====== PROVIDED RECORDS ======

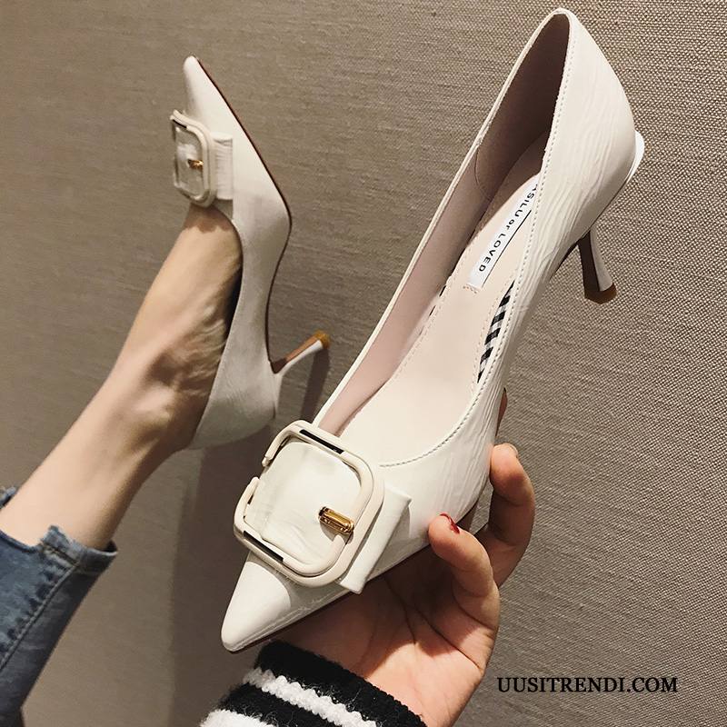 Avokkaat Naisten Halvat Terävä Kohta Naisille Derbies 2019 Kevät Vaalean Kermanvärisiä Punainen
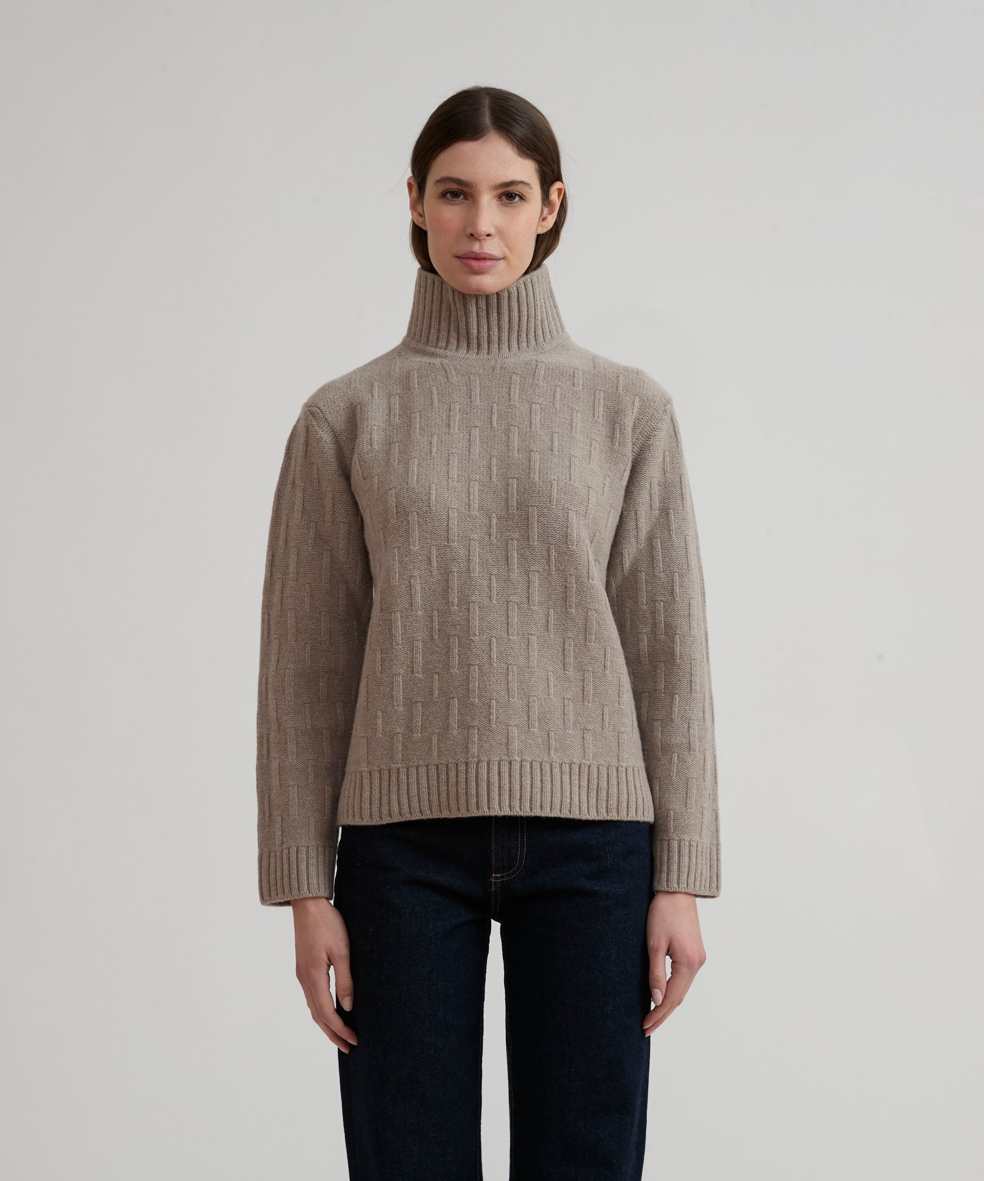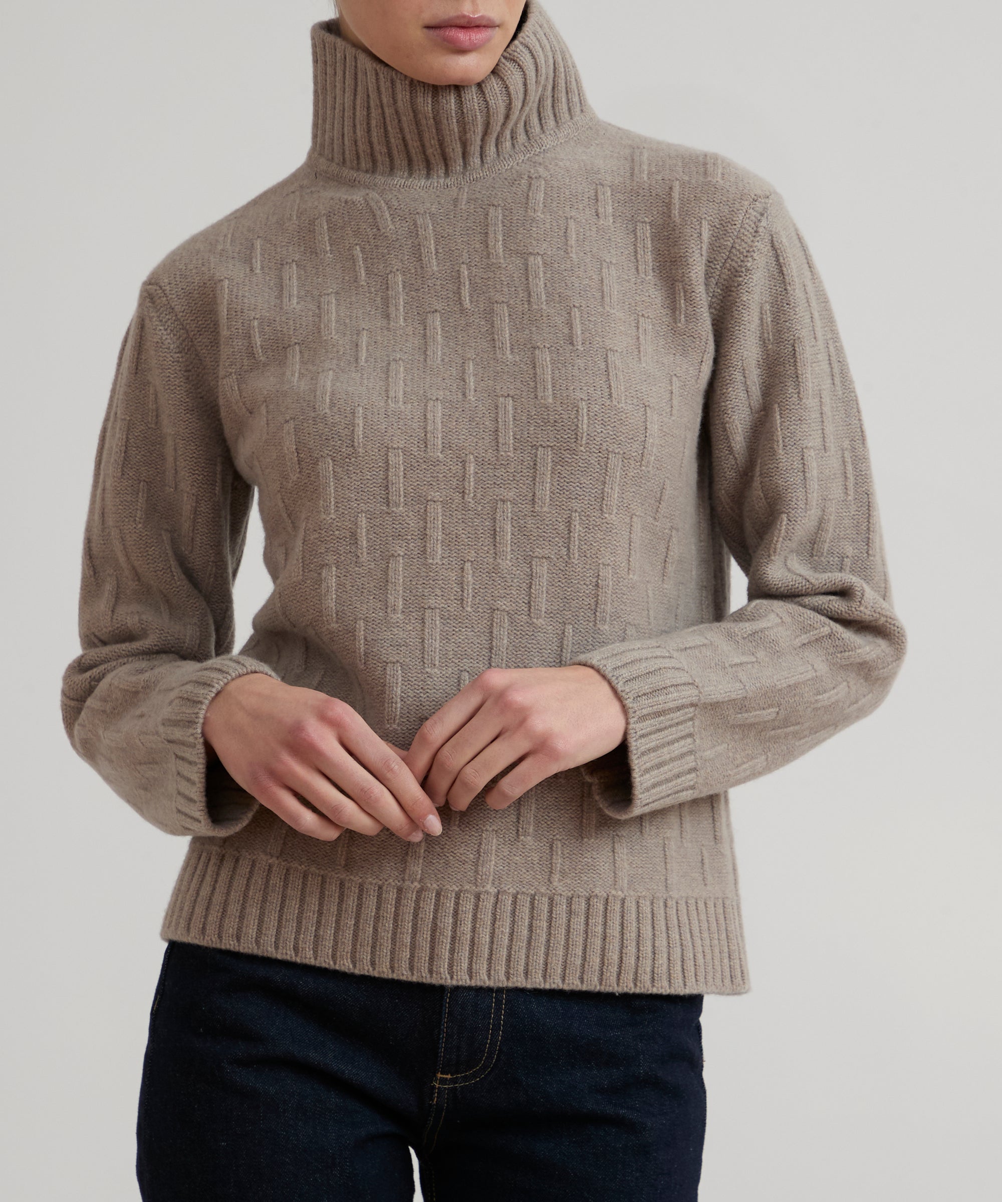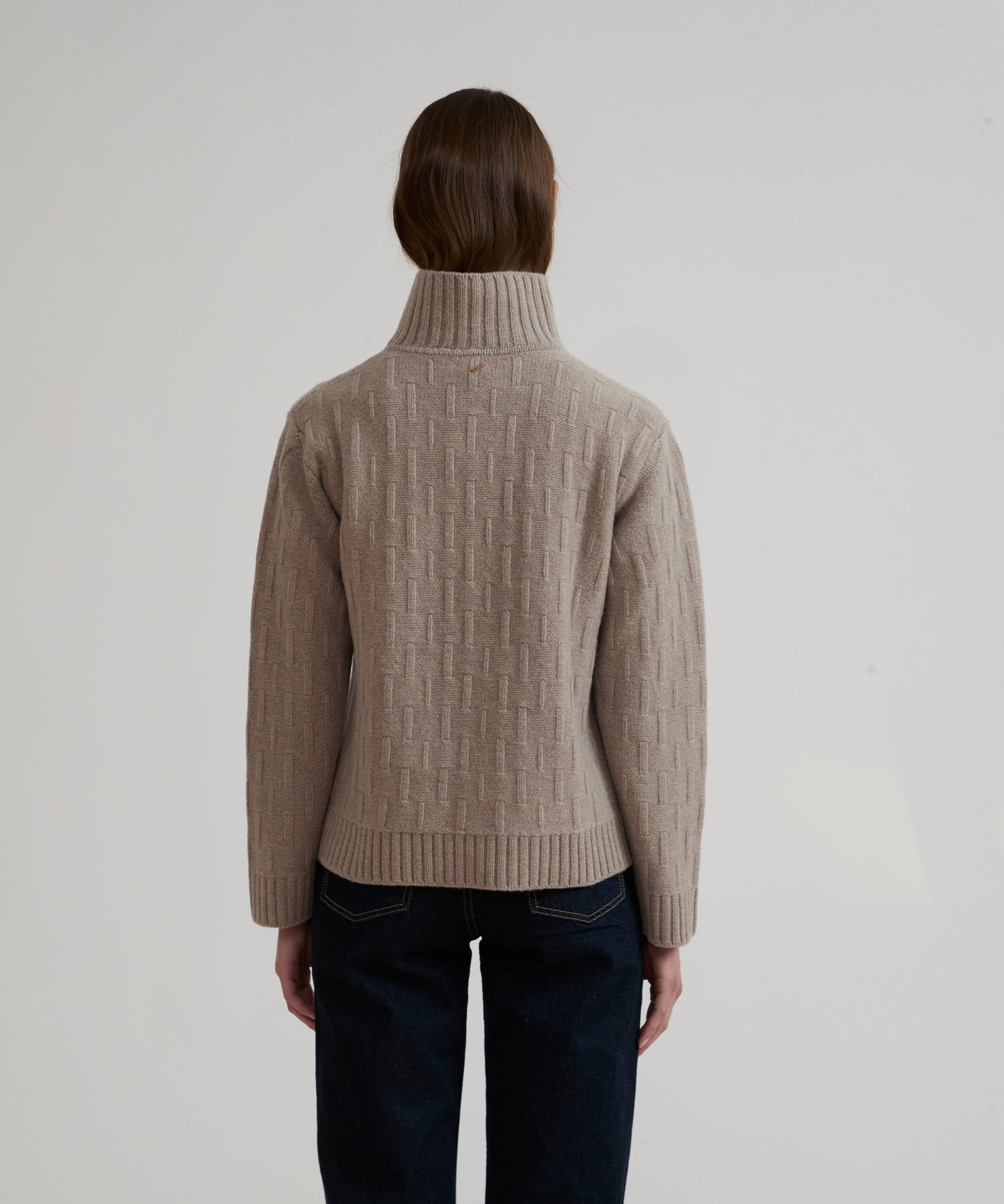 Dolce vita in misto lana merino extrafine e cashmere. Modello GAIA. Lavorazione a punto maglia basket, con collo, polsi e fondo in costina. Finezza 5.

======
====== PROVIDED RECORDS ======

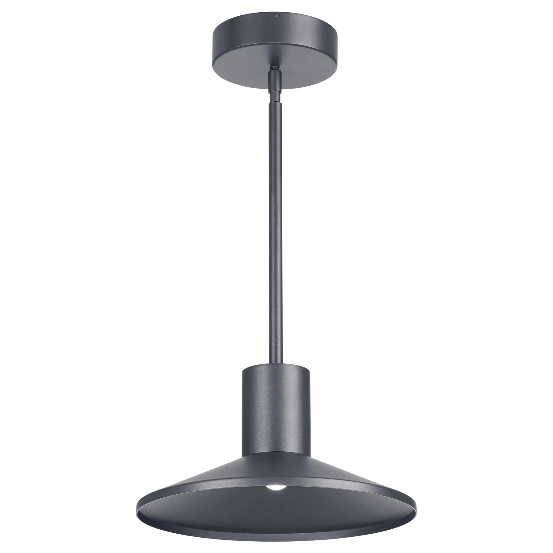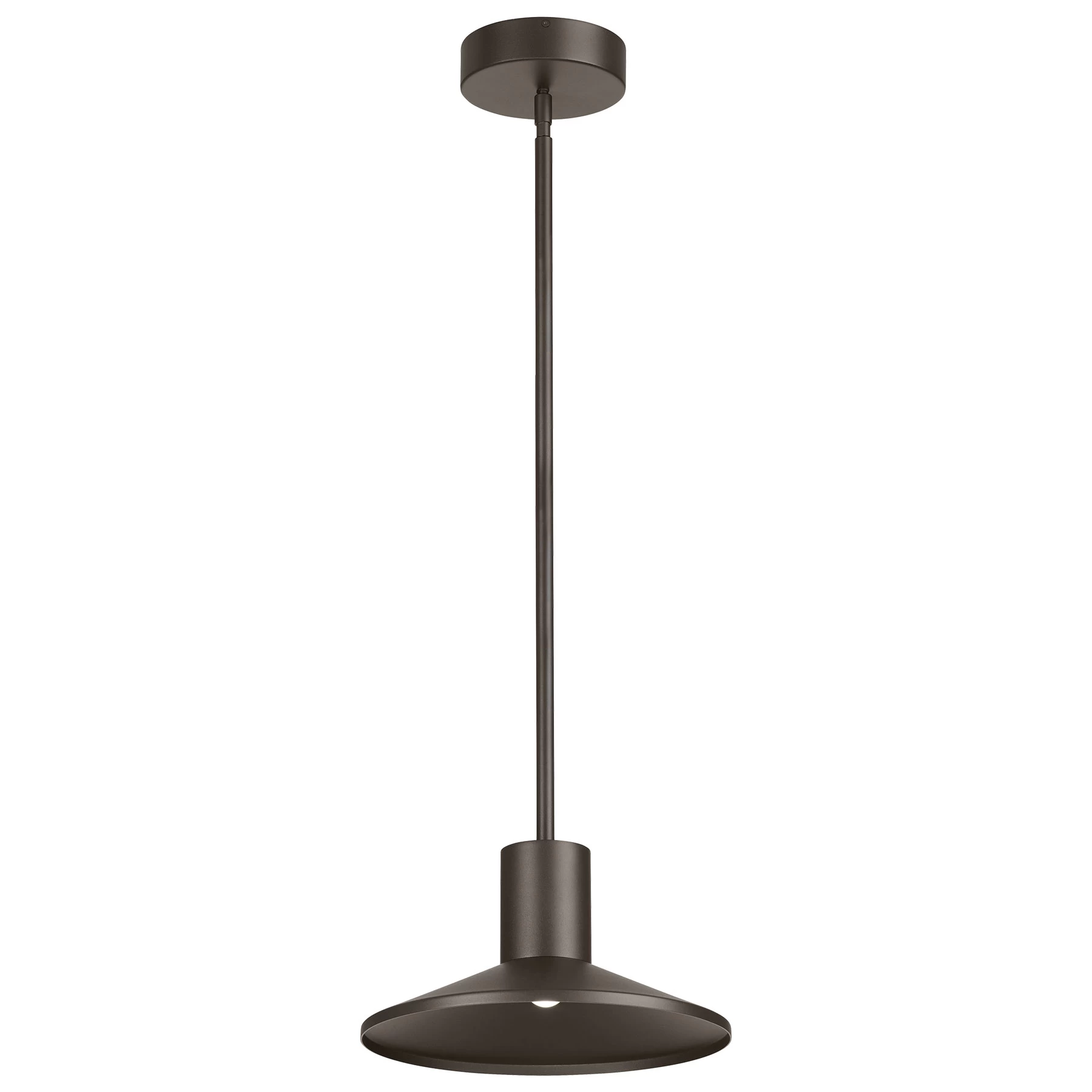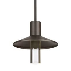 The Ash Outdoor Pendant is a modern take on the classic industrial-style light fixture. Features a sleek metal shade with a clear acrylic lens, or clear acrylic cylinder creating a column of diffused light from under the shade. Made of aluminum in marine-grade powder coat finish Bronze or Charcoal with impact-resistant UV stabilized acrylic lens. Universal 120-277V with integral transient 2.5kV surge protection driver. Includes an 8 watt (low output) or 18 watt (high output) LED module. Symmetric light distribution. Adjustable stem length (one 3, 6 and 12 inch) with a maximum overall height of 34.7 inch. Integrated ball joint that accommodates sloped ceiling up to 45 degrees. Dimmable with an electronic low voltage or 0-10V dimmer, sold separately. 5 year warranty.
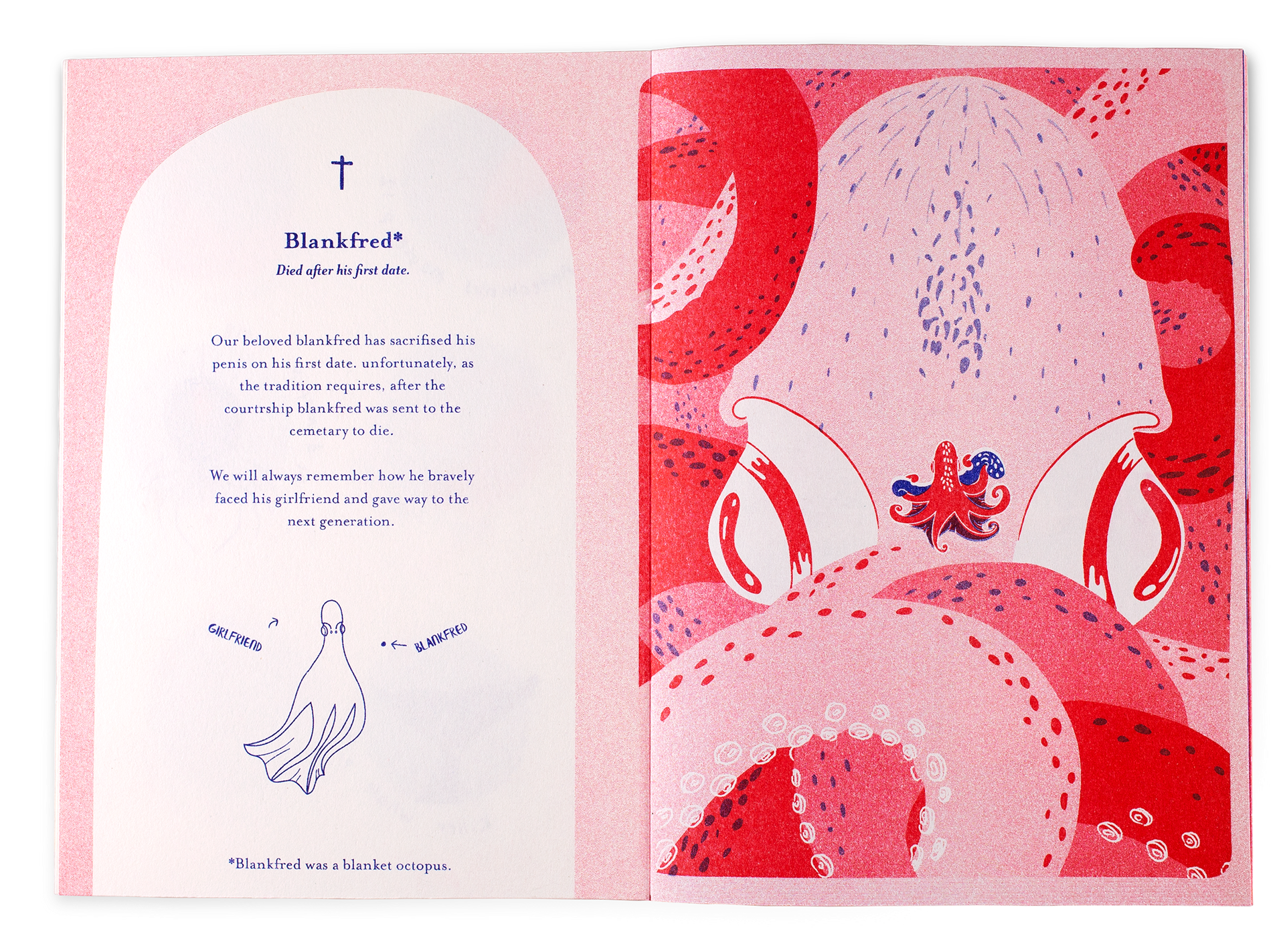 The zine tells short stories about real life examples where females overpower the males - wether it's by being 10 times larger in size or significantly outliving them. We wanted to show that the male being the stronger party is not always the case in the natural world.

======
====== PROVIDED RECORDS ======

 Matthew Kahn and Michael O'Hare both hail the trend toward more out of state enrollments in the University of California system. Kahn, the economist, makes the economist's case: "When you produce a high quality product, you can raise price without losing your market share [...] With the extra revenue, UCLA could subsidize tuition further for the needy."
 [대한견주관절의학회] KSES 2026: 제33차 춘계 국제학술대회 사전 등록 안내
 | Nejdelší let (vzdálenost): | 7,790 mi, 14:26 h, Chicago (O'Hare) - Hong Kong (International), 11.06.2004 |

======

» **AIM OF THE EXERCISE**: Of all the lines in the records, how many have the word "Hare"? Write only the number.

» **WRITTEN RESPONSE**: 2